With the technology advances and efficiencies that keep coming for the past 10 year, Hrap said that $60/bbl oil is the new $100/bbl price.

In a separate keynote address, Whiting Petroleum Corp. CEO Jim Volker said he was optimistic generally about the Bakken where his company is the major producer, but he was also bullish about prices based on Whiting's recent experience hedging in the future markets for which the company is active for this year and next.

"We have a 22-bank coalition behind us with a $2.5 billion credit line, and right now we're concentrating on reducing debt," Volker said. "We're about 50% hedged for this year and we're going to hedge for 2017. Yesterday we did some hedging, and the futures market had a floor of $45/bbl for 2017 and a ceiling of $68/bbl on a three-way hedge. That means there are investors out there willing to bet that prices in 2017 will be higher than $68/bbl.

"This is quite a turnaround from where we were a few months ago."

Another WBPC headline speaker, Neel Kashkari, president of the Federal Reserve Bank, Minneapolis, and a California Republican gubernatorial candidate two years ago who lost to incumbent Gov. Jerry Brown, was asked about where oil prices are going, and declined to make any predictions.

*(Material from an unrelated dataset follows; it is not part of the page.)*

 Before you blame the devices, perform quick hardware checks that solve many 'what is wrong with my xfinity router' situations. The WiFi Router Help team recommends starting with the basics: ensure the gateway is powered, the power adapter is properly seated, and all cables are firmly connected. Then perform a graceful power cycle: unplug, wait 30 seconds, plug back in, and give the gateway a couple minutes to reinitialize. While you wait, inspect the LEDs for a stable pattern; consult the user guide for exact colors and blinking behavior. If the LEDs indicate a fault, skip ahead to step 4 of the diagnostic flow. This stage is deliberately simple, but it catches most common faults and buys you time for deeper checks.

"We're not very good at predicting where oil prices are going," said Kashkari, while noting that the Fed has thousands of economists forecasting where the overall U.S. economy is going. "When you look at our forecast, we basically say where oil prices are today and the best we can do is project them out flat into the future."

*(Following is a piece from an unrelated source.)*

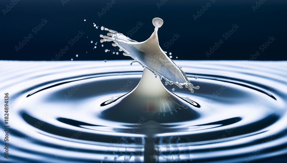 • liquid impact macro white milk droplet crown splash pristine surface elegant formation circular ripples expanding outward professional photography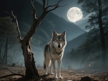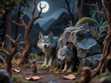 3D风拟人狼战士,毛发旺盛,手持巨斧,超现实主义风格,森林中散发神秘感。

Kashkari was asked to elaborate on another speaker's contention that a $1 move up and down in the value of the dollar globally has big impact on oil prices -- $1 stronger can cause a $2/bbl oil price decline, and a $1 weakening of the dollar can mean a $4/bbl oil price increase? The Fed regional president was asked if he could explain this, and he could not.

"That is a really tough question, and the answer is we don't know," Kashkari said. "The economic profession knows a lot less than it pretends to know, and they like to pretend they know all these things and they don't. We try to understand a lot of these correlations, but we don't. We have to be more honest about what we know and what we don't know, and operating in the uncertain [oil/gas] environment is really difficult for us."